Sacha Deshmukh, Amnesty International UK’s Chief Executive, described the US President’s swift and deliberate targeting of international institutions designed to make the world safer and fairer as “terrifying.”
“You look forward to the end of this decade and wonder whether the basic frameworks and underpinnings of not just human rights but international law will still be standing. You probably haven’t been able to say that since 1935.”
Sacha Deshmukh
Trump’s sweeping foreign aid cuts had made conditions worse across the world, Amnesty said, closing crucial programmes in states such as Yemen and Syria, leaving children and survivors of conflict without access to food, shelter or healthcare.
Agnès Callamard, Amnesty International’s Secretary General, said that hundred days into his second term, Trump has shown “only utter contempt for universal human rights.”
“His government has swiftly and deliberately targeted vital US and international institutions and initiatives that were designed to make ours a safer and fairer world.
“His all-out assault on the very concepts of multilateralism, asylum, racial and gender justice, global health and life-saving climate action is exacerbating the significant damage those principles and institutions have already sustained and is further emboldening other anti-rights leaders and movements to join his onslaught.”
Agnès Callamard
Additionally, the organization warned that Trump’s exit from the crucial Paris climate agreement threatened “to drag others with him.”
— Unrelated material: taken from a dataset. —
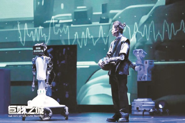 這是國內(nèi)首部機器人戲劇《巨物之城》的演出現(xiàn)場。演員與機器人一同完成了80分鐘的表演,謝幕后,臺下觀眾涌上舞臺,爭相與“堂吉訶德”“麒麟臂”“嵐”等機器人合影、問好。機器人——這個在日常生活中還頗為“遙遠”的形象,第一次以情感表達者的身份,走近了普通觀眾。

Trump’s Approval At 100 Days Low
Meanwhile, a new poll conducted by SSRS finds that Americans’ views of what Trump has done so far have turned deeply negative.
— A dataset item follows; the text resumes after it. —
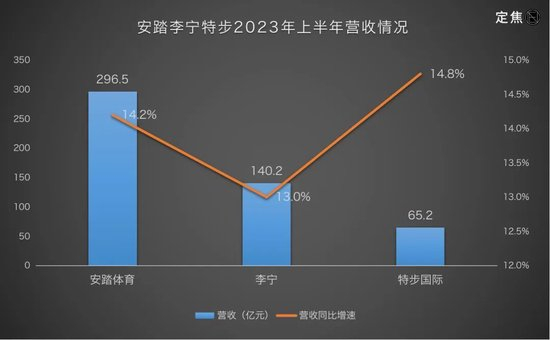整体来看,今年上半年,三大国货运动品牌都保住了营收规模,收入分别是296.5亿元、140.2亿元、65.2亿元,增速都在13%-15%。

Trump’s 41% approval rating is the lowest for any newly elected President at 100 days dating back at least to Dwight Eisenhower – including Trump’s own first term.
Approval of Trump’s handling of the presidency is down 4 points since March, and 7 points lower than it was in late February. Just 22% say they strongly approve of Trump’s handling of the job, a new low, and about twice as many say they strongly disapprove (45%).
Since March, Trump has seen notable drops in approval from women and Hispanic Americans (down 7 points in each group to 36% among women and 28% among Hispanics).
Partisan views of Trump remain broadly polarized, with 86% of Republicans approving and 93% of Democrats disapproving.
However, among political independents, the president’s approval rating has dipped to 31%, matching his first-term low point with that group and about the same as his standing with them in January 2021.
The poll finds the President sinking across nearly all major issues he’s sought to address during his time in office, with the public’s confidence in his ability to handle those issues also on the decline.
Trump’s approval ratings on economic issues have also dropped notably since early March as the rollout of his tariff plan led to volatility in the stock market and worries about rising prices.